As an Armenian American looking to see myself – and my homeland – in Anatolia and the broader Middle East, this show reminds us that genocide is an ongoing process aided and abetted by power and capital, as much as by ignorance. Culture is a critical site of meaning-making and an international streaming service like Netflix has an incalculable impact on how people make sense of the world, as well as our shared pasts and many possible futures. As Armenian Americans, we have a crucial responsibility to call out injustice, to think critically about narratives and ideologies that exclude us, and I believe, fight for a better world. In a moment of racial reckoning in which we experience both advantages and ambiguities, harm and hope, I encourage us to recommit to a modest ethics of doing good and in this case, condemning injustice where we least expect it. Rather than give in to the frustrations and seemingly Sisyphean task of confronting the collusion of power and capital, we must serve as voices for truth, human dignity, diversity, and at the very least vote with our wallets.

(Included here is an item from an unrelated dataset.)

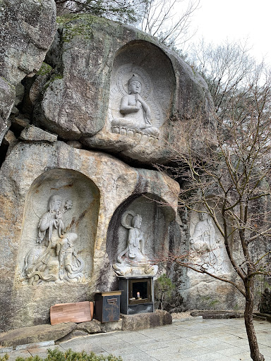Read more서암정사는 한국의 3대 계곡으로 유명한 칠선계곡을 마주하는 천혜절경에 자리잡고있다. 주차장에 주차 후 오르막길을 약10분 정도 올라가야 합니다. 제일먼저 '백천강하만계류, 동귀대해일미수'(수많은 강물 만 갈래 시내 흘러, 바다에 돌아가니 한물 맛이로다)란 돌기둥 두개가 반긴다. 입구부터 다양한 마애불이 눈에 띕니다. 서암정사의 백미는 불경속 극락세계의 장엄함을 바윗굴 속에 재현해 놓은 극락전 석굴법당이다. 입구가 좁아 그냥 지나칠 수 있는데 막상 들어가보면 수십명을 수용할 수 있는 복층구조의 넓은 공간과 아미타불을 위시해 8보살, 10대제자, 신장단 등 장엄하면서 다양한 모습에 감탄을 금치 못한다. 실내 촬영이 금지되어 있어서 직접...

Thomas Simsarian Dolan received his PhD in American Studies from George Washington University in Summer 2021, with a focus on Middle Eastern diaspora and race. His work has been supported by the Calouste Gulbenkian Global Excellence Scholar, Institute for Middle East Studies, Dr. Philip M. Kayal Fund for Arab American Research, Bentley Historical Library Bordin-Gillette Fellowship, Loeb Institute for Religious Freedom and Armenian General Benevolent Union. He is also an alumnus of Yale University, NYU, and the New School's Institute for Critical Social Inquiry, and will be a Fulbright US Teaching Scholar at American University in Cairo in coming semesters. Future book projects examine a sonic history of MENA Migrations to the Americas, and a deeply historicized memoir of his family's intentionally murky migrations from Diyarbekir and Aleppo to the Americas.